Victoria state’s gambling regulator has slapped wagering giant Tabcorp Holdings with a A$4.6m ($3.1m) fine over systematic compliance breaches, a state record for the company, as well as letters of censure and an operational overhaul order.
Australian gambling regulators are ramping penalties for indifferent operators in the nation’s gambling industry as official patience wears thin over repeat offenders at state and federal levels.
Just days after New South Wales state’s online gambling regulator issued a record fine over advertising breaches, the Victorian Gambling and Casino Control Commission (VGCCC) on Friday (August 23) issued its largest non-casino fine to Tabcorp, the nation’s largest gambling company.
The VGCCC said in a statement that the company’s Victorian subsidiary Tabcorp Wagering breached the state’s code of conduct for wagering, betting licences and responsible gambling “repeatedly” between August 2020 and February 2023.
“Tabcorp’s breaches reflect systemic operational deficiencies and non-compliance with the conditions of its licence, the consequences of which have included significant harm to a customer,” VGCCC chair Fran Thorn said.
“The hefty fine, the largest the Commission has ever issued to Tabcorp, is proportionate to the seriousness of the licensee’s misconduct,” she said.
“It sends a clear message to the gambling industry that this kind of behaviour is not acceptable and will not be tolerated.”
Thorn told the ABC news network on Friday that the maximum possible fine for Tabcorp’s offences was A$9.1m.
In addition to the fine, Tabcorp has been ordered to execute a “transformation program to overhaul its operations”, the statement said, covering harm minimisation, code of conduct compliance and obligations relating to its retail agent network.
“We will be actively monitoring to ensure that the transformation program requirements are not only implemented quickly but are effective in ensuring ongoing compliance with the law,” Thorn said.
VGCCC investigators found that Tabcorp repeatedly sent direct marketing material to a gambler who had “opted out” of receiving such material, failed to provide employee training that minimised gambling harm from its products and services, and failed to support a customer “exhibiting observable signs of distress or indicators of potential gambling harm”.
They found that one of the customers, whose aberrant betting patterns were known to Tabcorp, received a A$2,000 deposit match promotion instead of due care during a “responsible gambling call”, the statement said.
“This action is indicative of a culture in which the licence holder’s harm minimisation obligations were not taken seriously,” Thorn said.
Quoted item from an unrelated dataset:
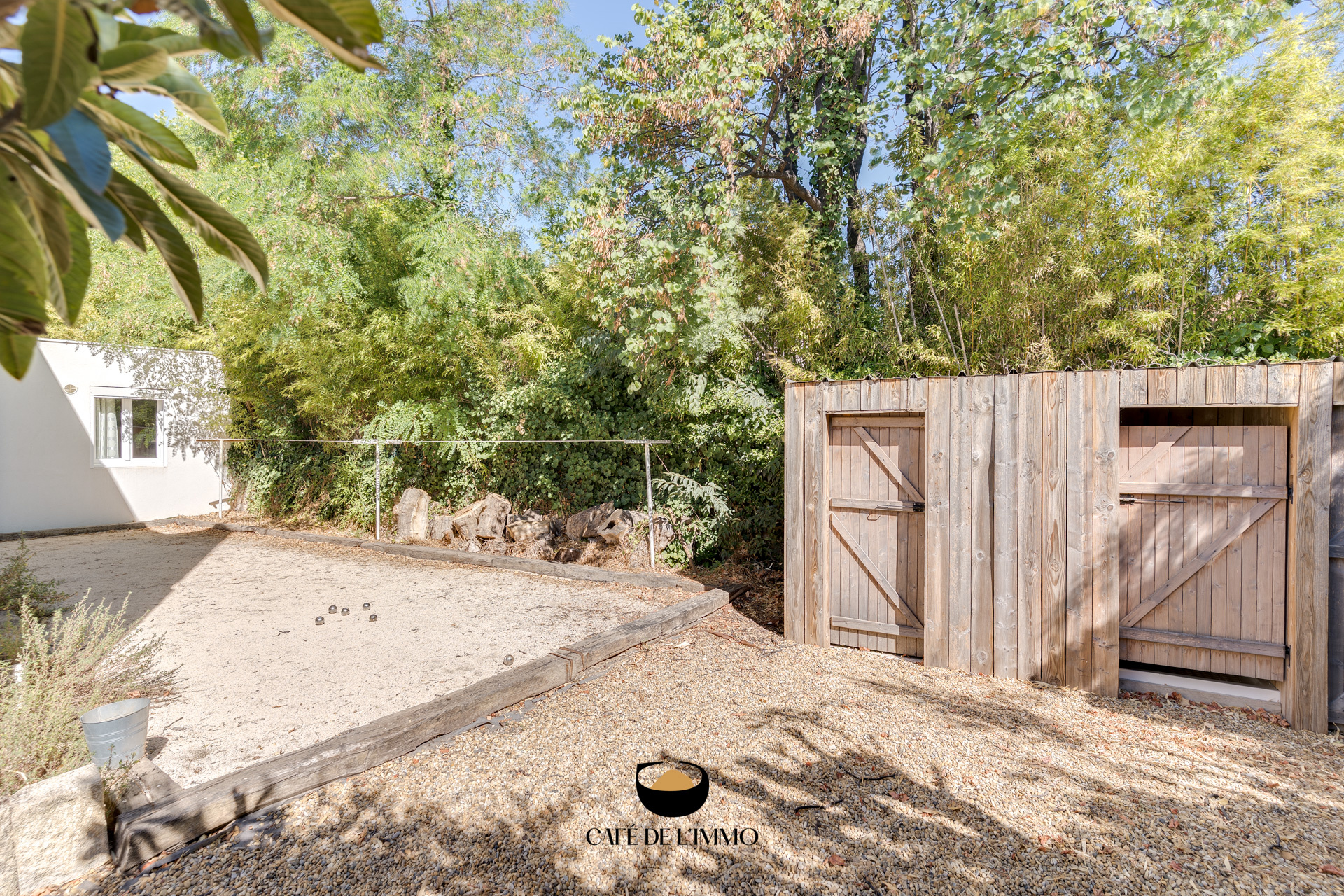Une piscine au sel vient parfaire l’ambiance méridionale, aux côtés d’un terrain de pétanque qui invite aux fins de journée ensoleillées entre amis. En contrebas, une cave permet de stocker avec facilité.

The VGCCC also issued Tabcorp with three letters of censure over less serious breaches:
- Failing to include an opt-out link in gambling SMS text messages.
- Failing to obtain approval for 985 firewall rules in use since 2015.
- Sending marketing materials on 153 occasions to customers who did not wish to receive them.
Similarly, the VGCCC issued two letters of censure to Tabcorp in November 2023 for using unapproved software in its wagering and betting system.
The VGCCC’s actions against Tabcorp point to dwindling patience within the nation’s most aggressive gambling regulator with Australia’s land-based wagering monopoly.
They follow substantial VGCCC fines of A$1m and more than A$370,000 against Tabcorp for, respectively, defying regulator instructions over a data centre outage in 2020 in Sydney, and failing to prevent serial underage gambling at its Melbourne betting terminals in 2022 and 2023.
VGCCC irritation over Tabcorp non-compliance led to a January 2024 directive that requires the state’s gambling outlets to accept cash bets only if gamblers are playing within five metres, and in the line of sight, of the counter.
Gambling outside these conditions now requires counter vouchers and personal identification if the customer is or appears to be under the age of 25.
Tabcorp was also ordered to implement a “mystery shopper” program in which company-hired confederates posing as customers test compliance responses at a sampling of retail outlets.
Also hanging over Tabcorp’s diminished reputation in Victoria is an incident in which former CEO Adam Rytenskild made a sexual remark about VGCCC chief executive Annette Kimmitt ahead of the renewal of Tabcorp's retail monopoly in the state.
The Tabcorp board forced Rytenskild out in March 2024 after an independent probe.
Vixio GamblingCompliance understands that Rytenskild is yet to personally apologise to Kimmitt, who is not a VGCCC commissioner and so does not take part in disciplinary proceedings.
Tabcorp was previously fined A$45m, a sum reportedly matched by legal fees, by the national financial transactions regulator AUSTRAC in 2017.
Tabcorp did not respond to a Vixio request for comment by the time of publication.